Tate flourished under previous position coach Rod Smith and Rodriguez, who had something of a good cop/bad cop dynamic. Special-teams coordinator Jeremy Springer, who worked with Mazzone the past two seasons at Texas A&M, said Mazzone is “not the type of coach who’s going to be all over everybody.”

But Mazzone still demands excellence, and he seems to have a knack for coaxing it out of quarterbacks no matter their playing style or personality type.

He even helped the high-strung Springer, who was a quality-control coach with the Aggies. Thanks to Mazzone, Springer learned to “chill” on occasion.

“Things happen for a reason,” Springer said when asked what he’d learned from Mazzone. “Relax. Don’t feel so anxious about everything.”

The coaching staff as a whole is taking a wait-and-see approach this spring, using the 15 practices to assess the incumbent players before making any firm decisions about schemes and roster construction. Mazzone and Sumlin know what they want in a quarterback. Mazzone’s starting points are passion and energy. Sumlin is seeking someone who’s smart, makes good decisions, can communicate and throws with accuracy.

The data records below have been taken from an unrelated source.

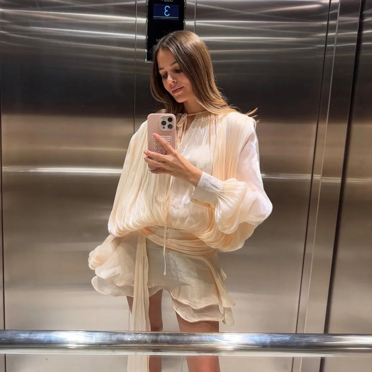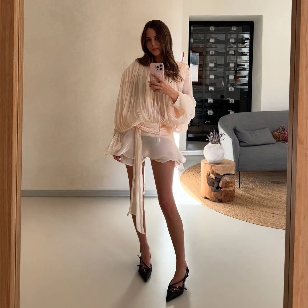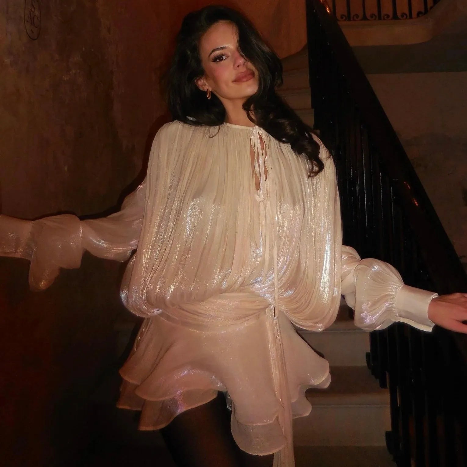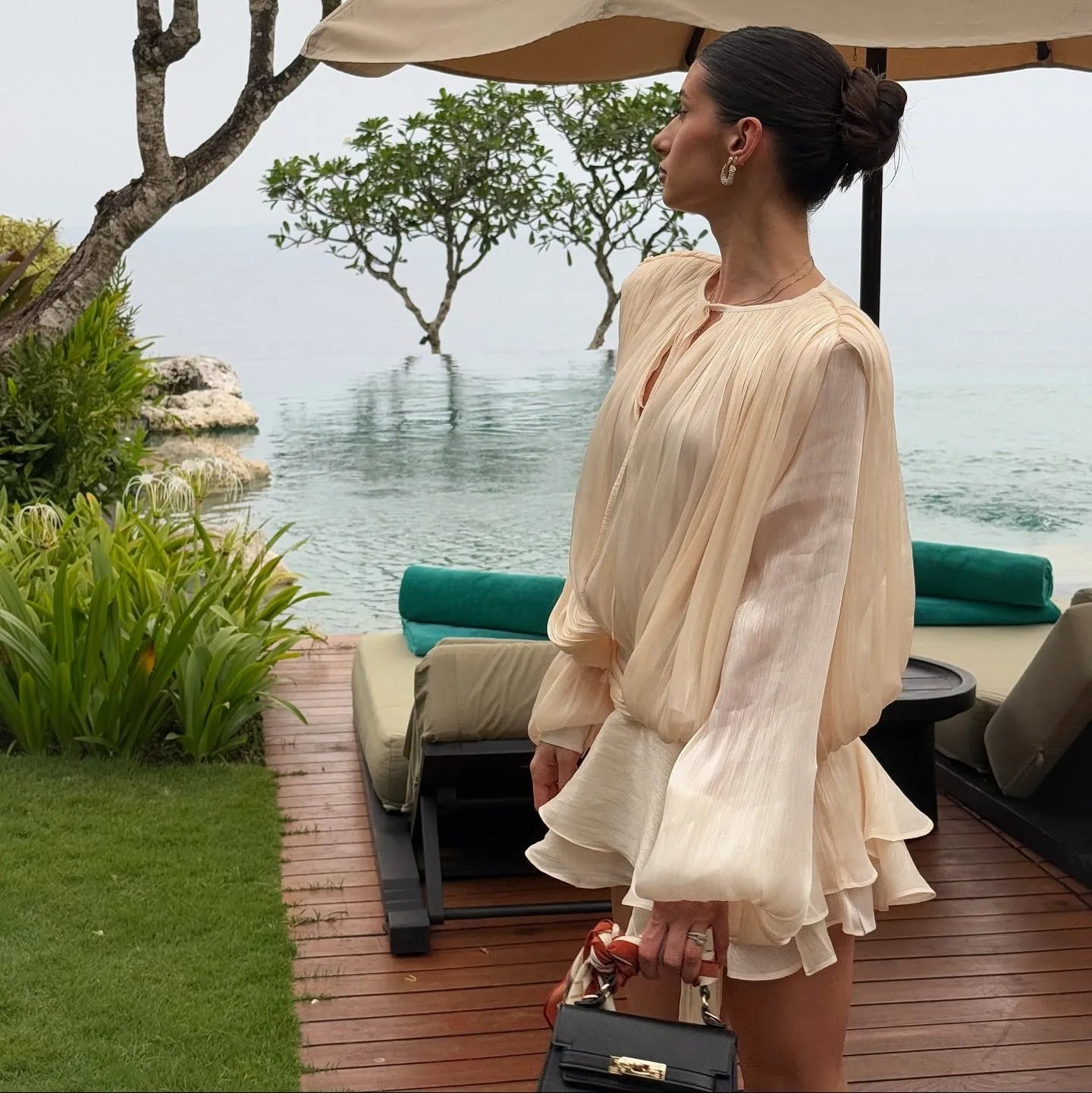 Fırfırlı etek ucu ve tam pile dokusuyla hareket kazanan mini elbise, kıvrımlı formunu vurgulayan büzgülü tasarımıyla feminen bir siluet sunar. Düğmeli manşetli uzun kollar ve boyundan bağlamalı ince kurdele, zarif bir kontrast yaratır. Gün boyu konfor sağlayan hafif kumaşı sayesinde gündüzden geceye stilinizi yükseltir; topuklu botlardan ince bantlı sandaletlere kadar her kombinle uyum sağlar.
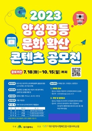 (대구=NSP통신) 최병수 기자 = 대구시가 주최하고 대구시행복진흥사회서비스원(원장 정순천, 이하 대구행복진흥원)이 주관하는 2023년 ‘양성평등 문화 확산 콘텐츠 공모전’이 오는 10월 15일까지 열린다.
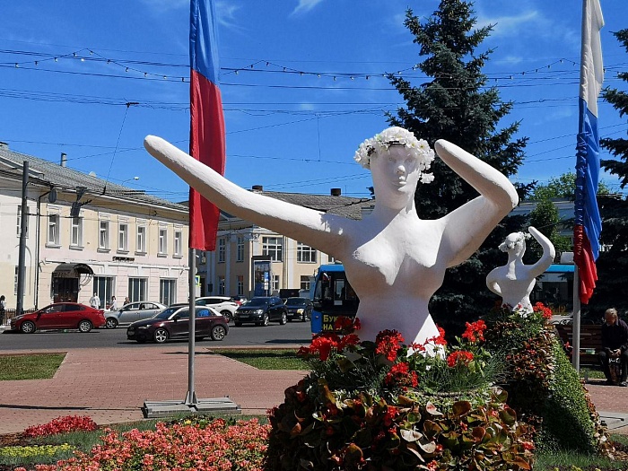 Практически каждый год клумба на площади Волкова меняет свой облик, но неизменна тематика – искусство. Здесь были и театральные маски, и скрипичные ключи. В этом году – три женские танцующие фигуры, чьи юбки оформлены цветами. Что символизируют фигуры – музы, грации, актрисы или кого-то еще, каждый для себя определяет сам.
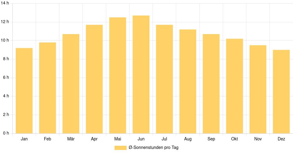 | Ø-Sonnenstunden pro Tag | 9,2 | 9,8 | 10,7 | 11,7 | 12,5 | 12,7 | 11,7 | 11,2 | 10,7 | 10,2 | 9,5 | 9 |
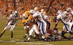 Air Force Academy Falcons free safety Bobby Giannini (#11) prepares to finish off Tennessee tailback Montario Hardesty, while Falcons defensive end Josh Clayton (#97) loosens Hardesty's grip on the football. The Falcons lost 31–30 in 2006.

Like Mazzone, Sumlin has succeeded with a variety of QBs. Case Keenum passed for more than 5,000 yards three times under Sumlin at Houston and never rushed for more than 221. Freelancing Johnny Manziel ran for 1,410 yards and 21 touchdowns when he won the Heisman Trophy as a redshirt freshman at A&M in 2012.

“We’re going to tailor the offense to what a guy can do,” Sumlin said. “We’ve won with different kinds of guys. For where we are right now, we’re pretty flexible offensively.”